Wine Review: Habla No. 4 (2006)

3 04 2011

The future in a bottle.

I promised to open something worthwhile tonight, so here goes.  I got this bottle of Habla No. 4 for Christmas in 2009 (thanks Josh!) and have been patiently waiting to open it on a special occasion — well, 72 hours without a PnP wine review sounds like occasion enough to me!  Habla’s wines are exclusively carried in Calgary by Kensington Wine Market, and this one retails for around $75 CDN…WAY out of my usual price range, but that’s what Christmas is for, right?  All of Habla’s wines, including the No. 4, come from vineyards located near the town of Trujillo in the Extremadura province of Spain, which is located west and slightly south of Madrid.  If you’re wondering what formal Spanish wine region this falls into, well, it doesn’t:  this area is basically off the grid as far as winemaking goes.

Bodegas Habla (which means “speak”) set up operations in Trujillo partly based on soil sample analyses that suggested that the dirt was ideal for growing wine grapes, and partly because it was uncharted vinicultural territory.  Based on their website, this is one of many things that makes Habla slightly different from your average wine producer.  They appear to have a determined philosophy to ensure that every single element of their wine creation process is at the absolute forefront of wine science and technology; as they put it, they want “to be the benchmark for the deluxe wine of the future.”  The way they go on about it, I’m half-surprised the harvesting isn’t done by cyborgs.

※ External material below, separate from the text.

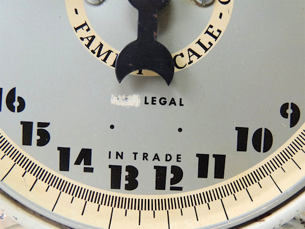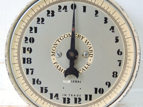 アイボリー×シルバーグレー色の文字盤に【MONTGOMERY WARD FAMILY SCALE / LEGAL IN TRADE】と英文字が入っております。

Back label: raspberry / grapefruit / McDonald's

One thing Habla does have down is marketing, as the magnificent bottle that houses their No. 4 clearly indicates.  Not only does it look like an oversized drinkable bottle of Chanel, but it also provides a Mad Libs sort of tasting cheat sheet on the back label that tells you what the No. 4 (which is 100% Syrah) is supposed to smell and taste like:  cassis, raspberry, graphite, and grapefruit (in that order?).  With those four words humming around in my brain, I got into my glass.  The wine had a thick ruby-purple colour and a strong but not unpleasant hint of sourness on the nose.  I definitely picked out grapefruit and raspberry to get a (barely) passing grade on the Habla smell-o-vision test, but I didn’t notice any cassis (a.k.a. black currant), and I didn’t have a tennis racquet on hand to sniff for graphite inspiration.  Stepping away from the mandated odour checklist, there was also blackberry on the nose, as well as a tomatoey, rubbery, pickled sort of scent that most closely equated to the smell you get when you lift the top bun off of a “freshly” made McDonald’s hamburger, that mix of cheap ketchup, pickles, onions and meat.  Yes, that’s my first ever McDonald’s wine analogy — I don’t see THAT anywhere on your back label, Habla.

On the palate, the No. 4 was surprisingly only medium-bodied (and even then trending more light than heavy) and was full of blue and black fruit with citrus and metallic undertones.  Dill, smoke and something like bubble gum rounded off the flavour components in the midpalate, and the wine’s intense acidity and subtle but grippy tannins accelerated it into a LONG, strong finish of dark chocolate, pomegranate and blackberry.  It was both sweet and earthy at the same time, like a strange hybrid between carefree Australia Shiraz and focused, serious French Northern Rhone Syrah:  although it was much more New World in style (big fruit, no harsh tannin, smooth mouthfeel), it had Old World flavour characteristics, at least in the number of secondary notes that showed themselves on the nose and palate.

Cork Rating: 7/10 (Stark, but intentionally stark.)

The No. 4 tastes like a wine that has a vision behind it and that has been carefully crafted to meet that vision, but it also gives an impression of being a bit manufactured, like it’s trying to force complexity instead of allowing the grapes to do their thing and letting the flavour profile come naturally.  In the end I was interested in the wine but didn’t really love it or hate it; it tweaked my intellectual curiosity but didn’t really move me otherwise.  I don’t want to write off Habla as purely a scientific and marketing exercise, because they are clearly producing something of quality, but they need to find a way to get some soul into it as well.  Especially for $75 a bottle.

88 points

$70 to $80 CDN

[Wine Jargon Notes:
midpalate/finish = when you taste a wine, the initial taste impression you get is called the attack; the final taste impression as and after you swallow is the finish; everything in between is the midpalate.
New World/Old World = Old World wines are those that come from Europe; New World wines are those from non-European locations like the US, Australia, South America, etc.
mouthfeel = the physical feel of a wine in your mouth, which is the result of its body, tannin levels, acidity, and more.
secondary = primary flavours in wine are the fruit flavours that come from the grape itself; secondary flavours are non-fruit flavours that come from growing conditions or the winemaking process.]